Since version 3.1.0, the development team has wanted to promote a more flexible login panel. This is why, with the lack of a configuration file, phpMyAdmin displays the cookie-based login panel by default (more details on this in Chapter 2, Configuring Authentication and Security, which explains that with the default configuration, it's not possible to log in with an empty password):

We can verify this fact by visiting http://www.mydomain.com/phpMyAdmin and substituting the appropriate values for the domain part and the directory part.

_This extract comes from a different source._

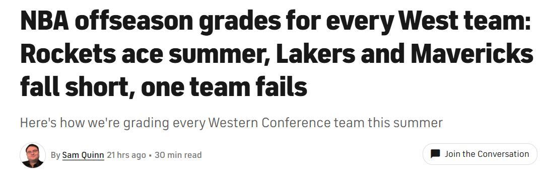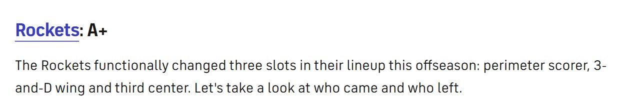 火箭队获A+高评分!在休赛期第一波大幅度引援与签约结束后,美媒《cbs sports》根据各支球队操作公布西部15队休赛期至今操作评分,其中快船获B评分,湖人队只得到C-,同时仅勇士一支球队评分待定。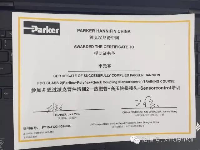 Parker中高壓熱塑管 + 高壓快換接頭 + Sensorcontrol產品培訓

If we are able to log in, it means that there is a MySQL server running on the same host as the web server (localhost) and we've just made a connection to it. However, not having created a configuration file means that we would not be able to manage other hosts via our installation of phpMyAdmin. Moreover, many advanced phpMyAdmin features (for example, query bookmarks, full relational support, column transformation, and so on) would not be activated.

The cookie-based authentication method uses Blowfish encryption for storing credentials in browser cookies. If no configuration file exists, a Blowfish secret key is generated and stored in session data, which can open the door to security issues. This is why the following warning message is displayed: The configuration file now needs a secret passphrase (blowfish_secret).

At this point, we have some choices:

These options are presented in the following sections. We should note that even if we use the web-based setup script, we should familiarize ourselves with the config.inc.php file format, because the setup script does not cover all of the possible configuration options.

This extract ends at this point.